====== Information supplied

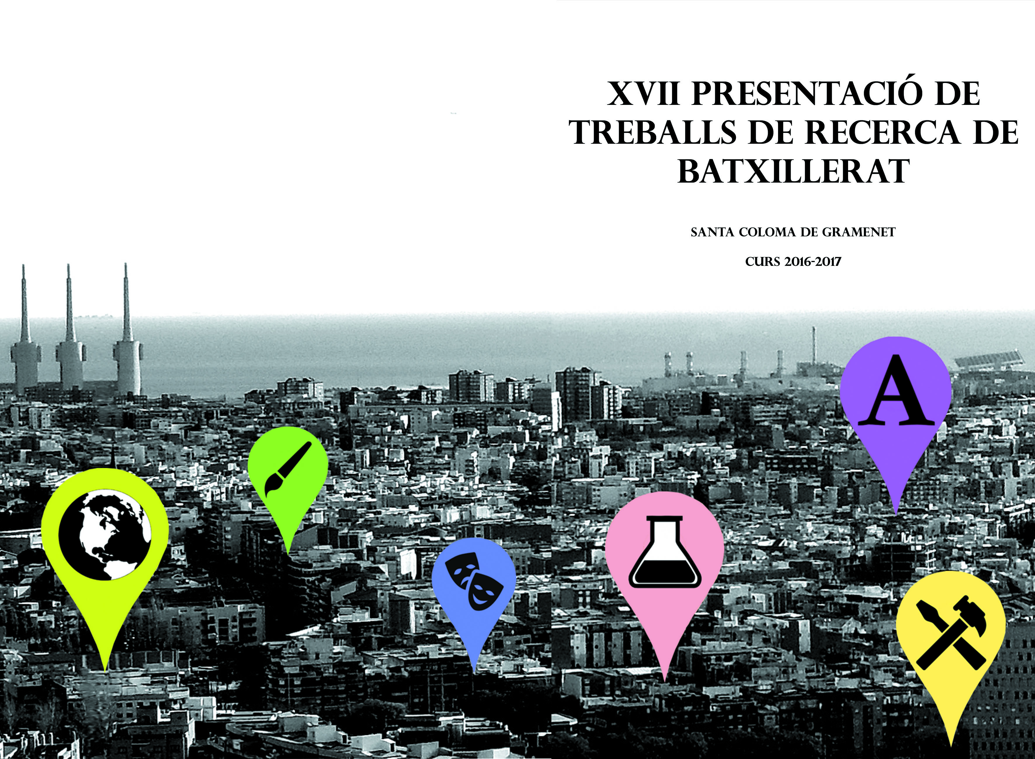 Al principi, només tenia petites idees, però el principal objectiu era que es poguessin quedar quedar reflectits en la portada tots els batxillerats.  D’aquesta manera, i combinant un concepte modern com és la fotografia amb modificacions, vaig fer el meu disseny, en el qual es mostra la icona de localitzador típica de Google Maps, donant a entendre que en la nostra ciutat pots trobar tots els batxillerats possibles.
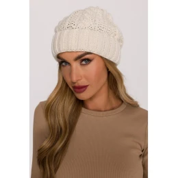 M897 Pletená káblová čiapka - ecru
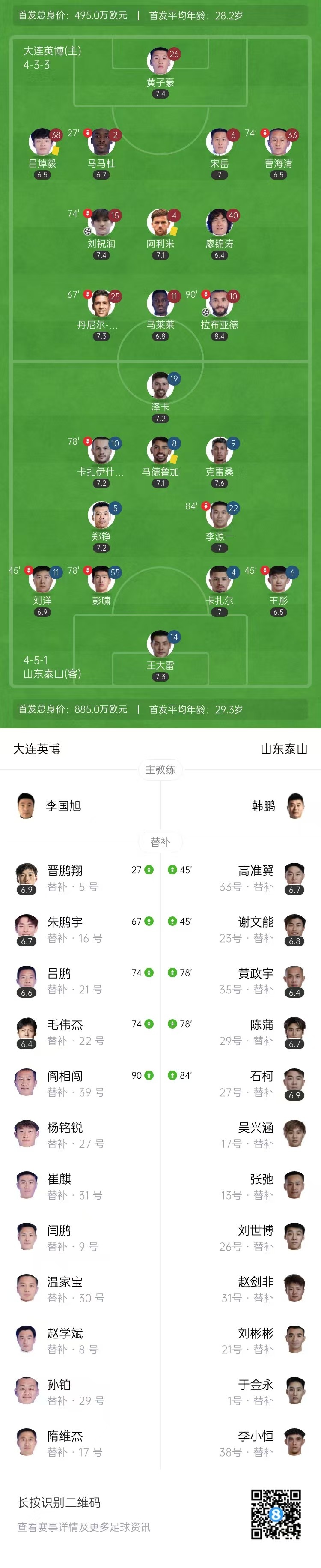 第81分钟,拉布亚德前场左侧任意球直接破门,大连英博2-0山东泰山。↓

============

Restate word for word the lines beginning with the one that contains "M897 Pletená káblová čiapka - ecru" and ending with the last line of the listing; pictures stay out.

 M897 Pletená káblová čiapka - ecru
 第81分钟,拉布亚德前场左侧任意球直接破门,大连英博2-0山东泰山。↓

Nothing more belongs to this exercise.